### What to do
Repeat only the lines between the one with "Note: To ensure" and the end of the material below, both ends included. Omit any picture.

** Opening Data block block **

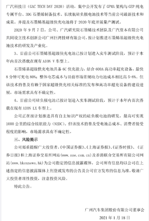 1月18日消息,广汽集团公告,石墨烯基超级快充电池与长续航硅负极电池是两种不同的电池技术。石墨烯基超级快充电池与长续航硅负极电池已按计划开展实车测试,并预计于本年内分别搭载在广汽埃安现有AION V和AION LX车型上;但石墨烯基超级快充电池的普及有赖于国家超级快充相关标准的发布和高功率超充设备的建设进展;长续航硅负极电池的普及受电池总成本、消费者接受程度的影响,市场需求具有不确定性,对公司经营业绩的影响具有不确定性。
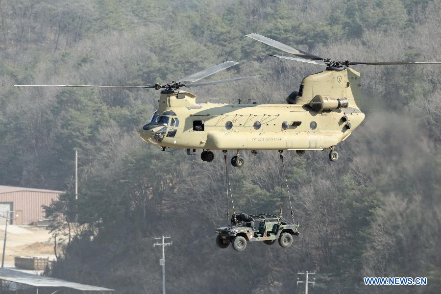 A cargo helicopter flies while it carries a military vehicle during the annual joint military exercise Foal Eagle between South Korea and the United States in Pocheon, northeast of Seoul, March 25, 2015. (Xinhua/Seongbin Kang)
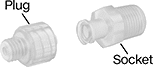 Note: To ensure a correct fit, make sure that the plug and socket have the same coupling size.
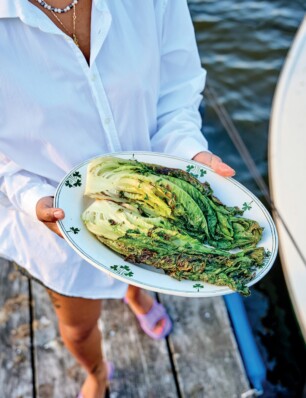 gestoofde andijvie met kikkererwten, jonge knoflook en zwarte olijven

** Closing Data block block **

### Problem solution
 Note: To ensure a correct fit, make sure that the plug and socket have the same coupling size.
 gestoofde andijvie met kikkererwten, jonge knoflook en zwarte olijven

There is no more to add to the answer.